- Opening Delimiter -

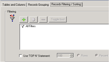 Use the bottom half of the Records Filtering / Sorting tab, shown above, to sort the database records. Now that you have defined parameters for filtering or restricting data from columns you can specify the priority by which the columns and the records in each column are sorted. You can choose to sort on any of the selected columns, as shown in the figure above, or leave them unsorted.
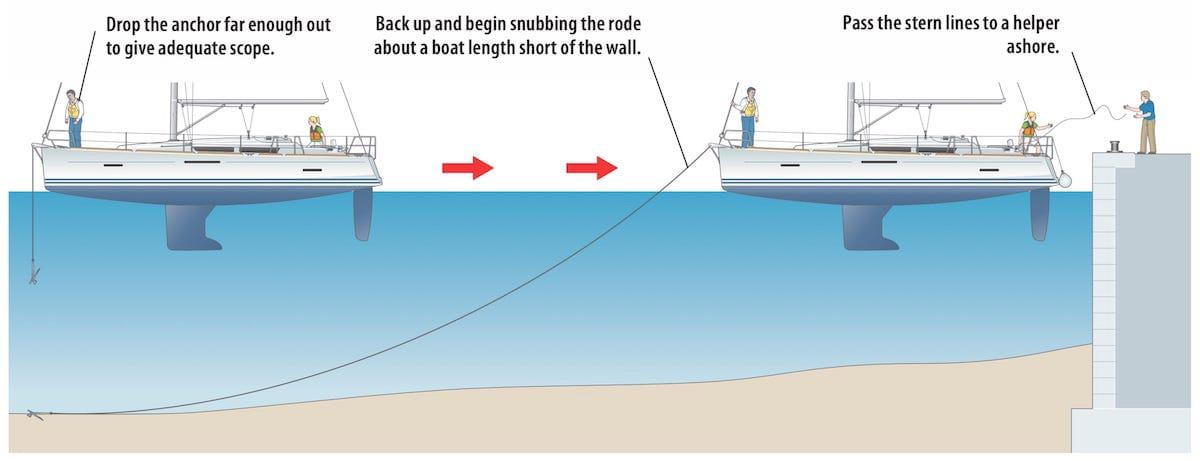 THE FIRST TIME I CRUISED THE MED , Med-mooring, mooring stern-to with an anchor off the bow, seemed foreign and difficult compared to just anchoring. But, many Med harbors are tight and often crowded with cruising and fishing boats so stern-to mooring against a stone quay provides a space-efficient, stable configuration that also provides an easier way to get ashore.
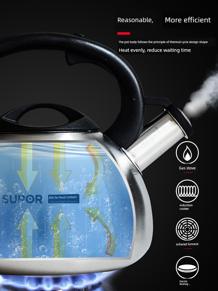 Supor 304 Stainless Steel Kettle Gas Gas Induction Cooker Teapot Automatic Sound Kettle Whistle
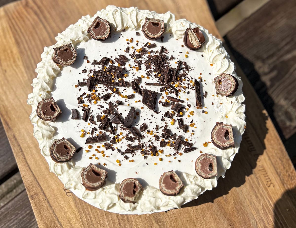 - Fordel herefter blandingen ovenpå kiksebunden i springformen
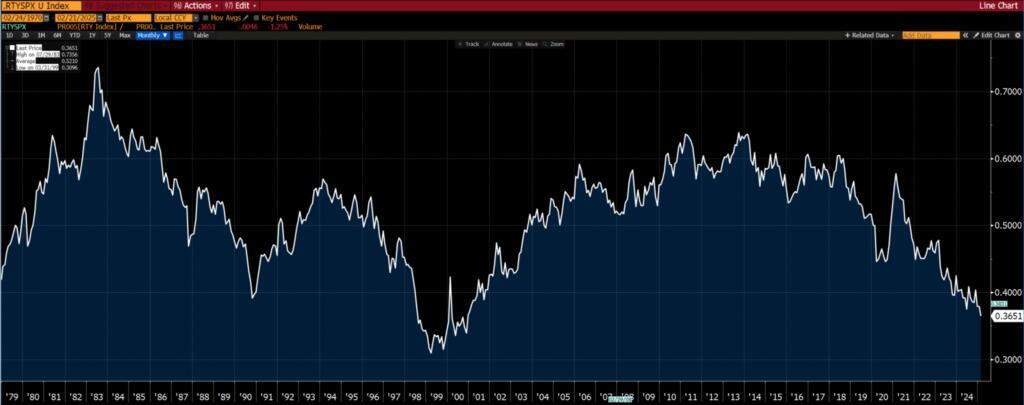 Russell 2000 Index vs S&P 500, both indexed to 100
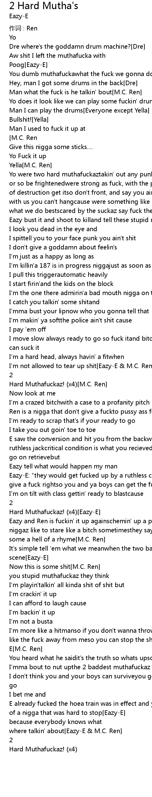 | Hard Muthafuckaz! (x4)[M.C. Ren] | |

- Closing Delimiter -

**Brief**
Repeat the data verbatim, excluding all pictures.

**Solution to the exercise**
 Use the bottom half of the Records Filtering / Sorting tab, shown above, to sort the database records. Now that you have defined parameters for filtering or restricting data from columns you can specify the priority by which the columns and the records in each column are sorted. You can choose to sort on any of the selected columns, as shown in the figure above, or leave them unsorted.
 THE FIRST TIME I CRUISED THE MED , Med-mooring, mooring stern-to with an anchor off the bow, seemed foreign and difficult compared to just anchoring. But, many Med harbors are tight and often crowded with cruising and fishing boats so stern-to mooring against a stone quay provides a space-efficient, stable configuration that also provides an easier way to get ashore.
 Supor 304 Stainless Steel Kettle Gas Gas Induction Cooker Teapot Automatic Sound Kettle Whistle
 - Fordel herefter blandingen ovenpå kiksebunden i springformen
 Russell 2000 Index vs S&P 500, both indexed to 100
 | Hard Muthafuckaz! (x4)[M.C. Ren] | |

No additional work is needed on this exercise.